I believe that it should be socially acceptable for any and every woman to demand that a man prove that he has a suitably large penis before she goes out with him. As far as I’m concerned, it is incumbent on men to prove that they are useful to a woman. Women can almost always tell immediately whether a man has a big bank account, but the size of a male’s penis is always in doubt until She can see him with a hard-on. Under a female supremacist government, headed of course by Yours Truly, every male would be examined by the Penis Police and given an official measurement. This number would appear on their Slave ID cards. This would drastically reduce the incidence of tiny toms lying to a woman about their cock size in the hopes She’ll go through with sex later when She finally sees it, out of pity… or the bizarre delusion that size doesn’t matter. Obviously, due to the extreme stupidity and selfishness of many pindick losers, it would be necessary to enforce this law harshly; with small penis humiliation in public, for example. Furthermore, any penis deemed unsuitable for contact with a woman, whether due to its pathetic puny size, or offensive odor, or grotesque appearance, would of course be locked up in chastity by order of the Imperious One, Her Divinity, Katherine the Cruel.

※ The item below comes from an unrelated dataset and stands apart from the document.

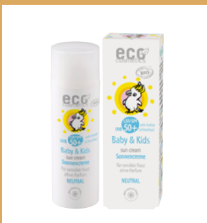
Crema Solar Baby & Kids Neutral SPF 50+ de eco cosmetics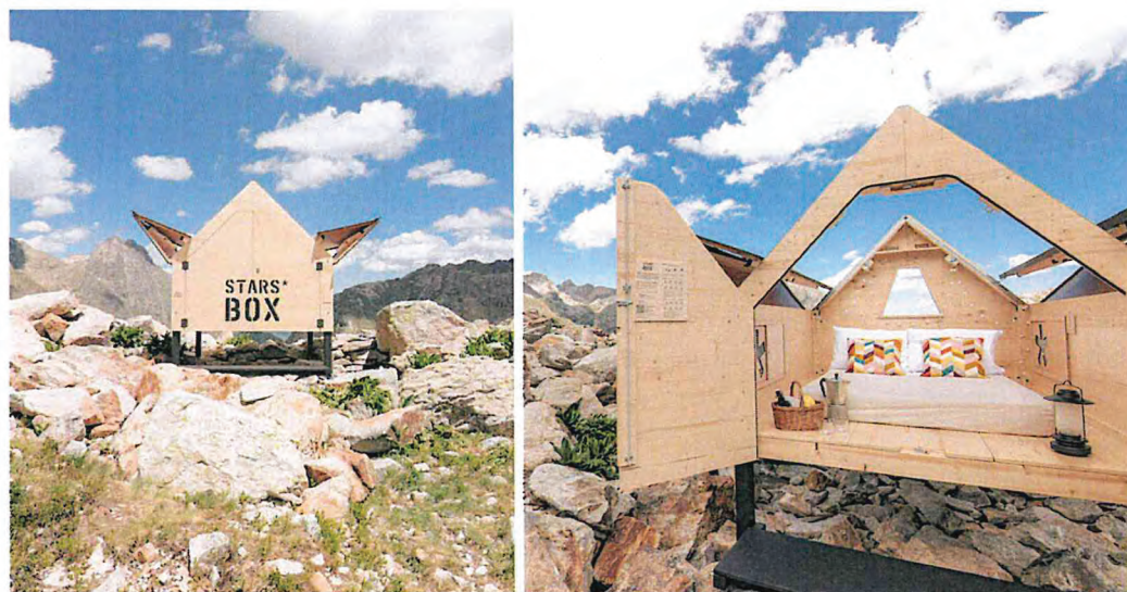
Foto3-4: da Località Pianrosso ORMEA (CN) – strutture di legno per ammirare le stelle www.starsbox.it/mongioie

This policy would not only save women from wasting Our precious time (and bodies!) on inferior specimens of manhood, but over time it would remove their undesirable genetic material from the gene pool. For now, ladies, do your part for the Feminocracy and join Me in humiliating and degrading any pindick pansy who crosses your path!

That is a great idea Goddess Kat!
Girl Power! i always know women are the future of the world! it’s a realy great idea! i agree!
so wise thoughts, i do agree as it is so apropriate and deserving
Almighty Goddess Kat: As always You are right, Supreme Goddess, and he should throw all his cash at her feet as a proove that he recognises her superiority. I kneel down at Your Holly feet on my hands and knees and crawl before You.